The Age-Related Eye Disease Study system for classifying age-related macular degeneration from stereoscopic color fundus photographs: the Age-Related Eye Disease Study Report Number 6.
PURPOSE: To describe the system for grading age-related macular degeneration from fundus photographs in the Age-Related Eye Disease Study. This is a prospective multicenter cohort study of the course of age-related macular degeneration and a placebo-controlled clinical trial of the effect of high-dose vitamin and mineral supplements on development of advanced age-related macular degeneration.
METHODS: Standardized stereoscopic 30-degree color fundus photographs are taken at 11 clinical centers and evaluated by graders at a reading center for quality and age-related macular degeneration abnormalities. Macular subfields are defined by a grid, and presence and severity of various age-related macular degeneration abnormalities are graded using standard/example photographs and measuring circles.
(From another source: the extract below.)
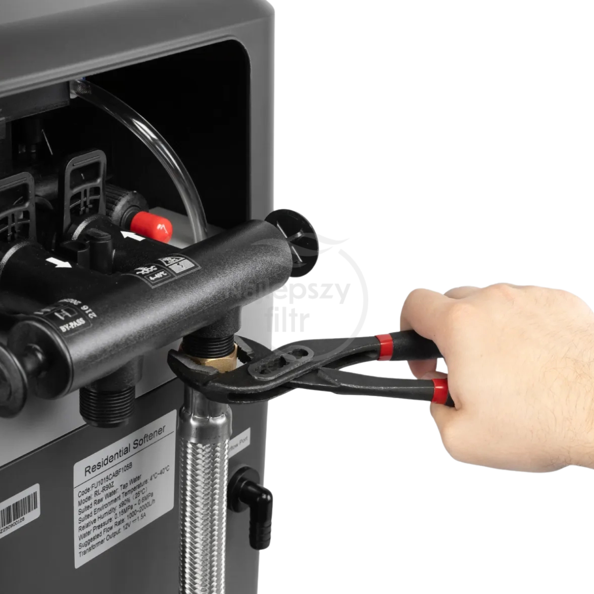 Dla zapewnienia prawidłowej pracy zalecany jest montaż filtra mechanicznego przed zmiękczaczem.

Advanced age-related macular degeneration abnormalities (presence/absence) include retinal pigment epithelial detachment, serous (or hemorrhagic) sensory retinal detachment, hard exudates, subretinal/subretinal pigment epithelial hemorrhage, subretinal fibrous tissue, and photocoagulation scars. Other abnormalities (multistep scales) include retinal pigment epithelial abnormalities (geographic atrophy, depigmentation, and increased pigment), and drusen (size, type [hard versus soft distinct or indistinct], and total area). Contemporaneous variability is tested by having different graders evaluate samples of photographs, and temporal variability by annual regrading of a dedicated subset.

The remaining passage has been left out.